● To do:
Return the stretch from the line with "Opowiadania bizarne /" through the line with "① 勾配天井で光と風が心地よくめぐるリビングダイニング" in the data below, character for character, skipping all pictures.

● Data to use:
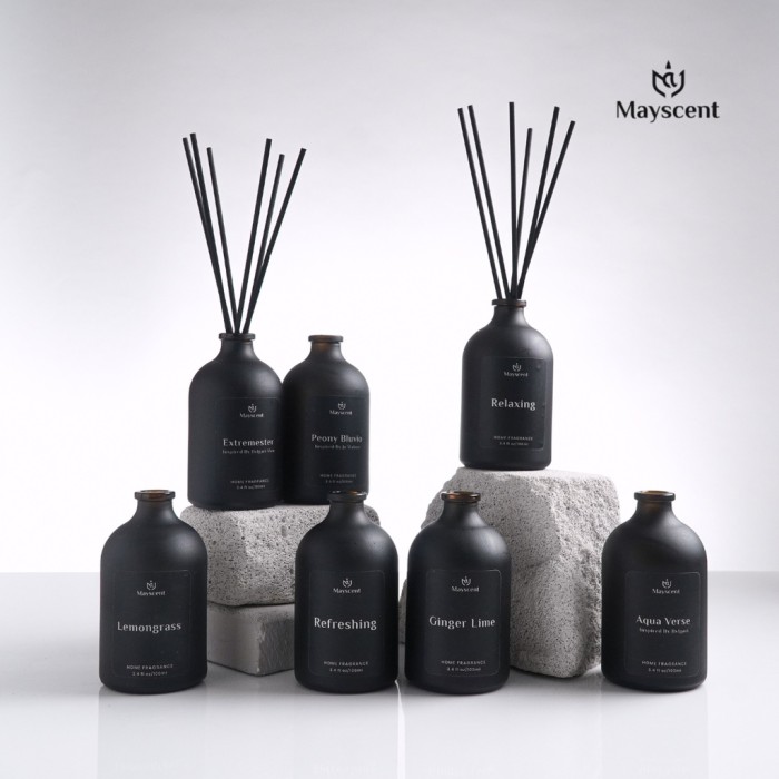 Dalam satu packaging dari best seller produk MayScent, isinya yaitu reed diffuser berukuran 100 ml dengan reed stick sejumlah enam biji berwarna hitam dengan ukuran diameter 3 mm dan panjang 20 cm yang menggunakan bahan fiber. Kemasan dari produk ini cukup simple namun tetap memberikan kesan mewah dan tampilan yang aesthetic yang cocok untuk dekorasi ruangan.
...
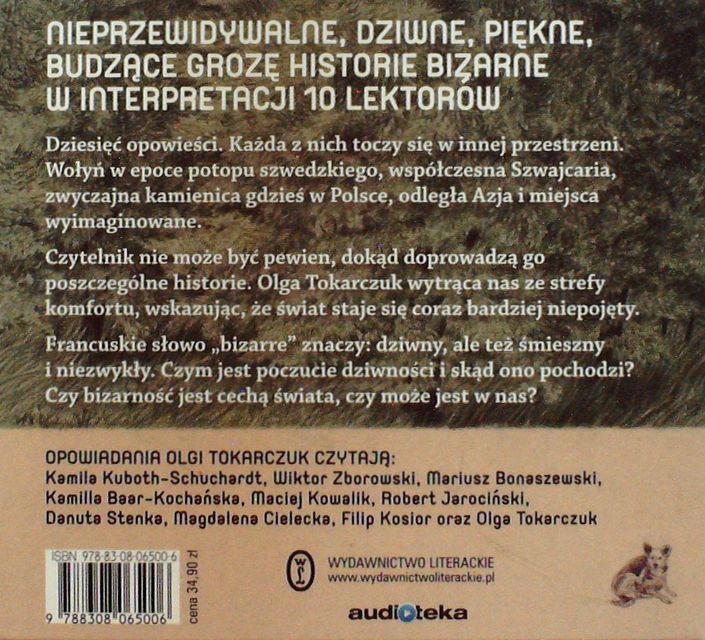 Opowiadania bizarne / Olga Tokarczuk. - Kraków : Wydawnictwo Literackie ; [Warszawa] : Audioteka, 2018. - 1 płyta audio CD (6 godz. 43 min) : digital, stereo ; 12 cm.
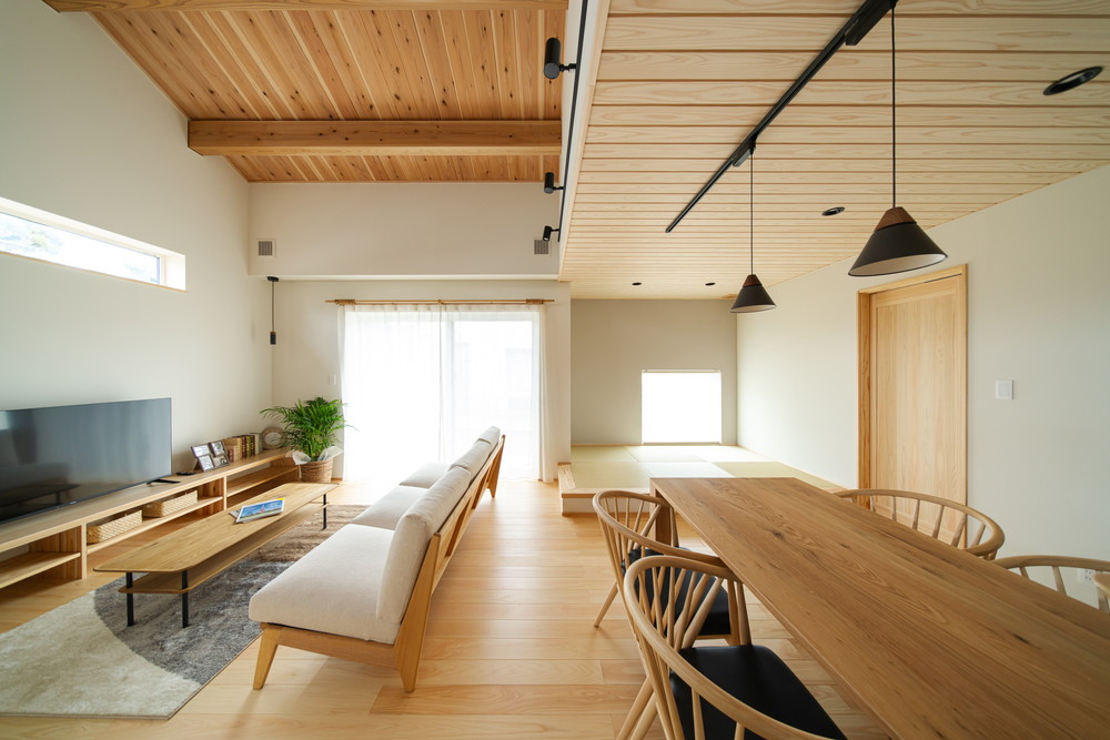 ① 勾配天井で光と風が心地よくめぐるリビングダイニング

● Answer below:
 Opowiadania bizarne / Olga Tokarczuk. - Kraków : Wydawnictwo Literackie ; [Warszawa] : Audioteka, 2018. - 1 płyta audio CD (6 godz. 43 min) : digital, stereo ; 12 cm.
 ① 勾配天井で光と風が心地よくめぐるリビングダイニング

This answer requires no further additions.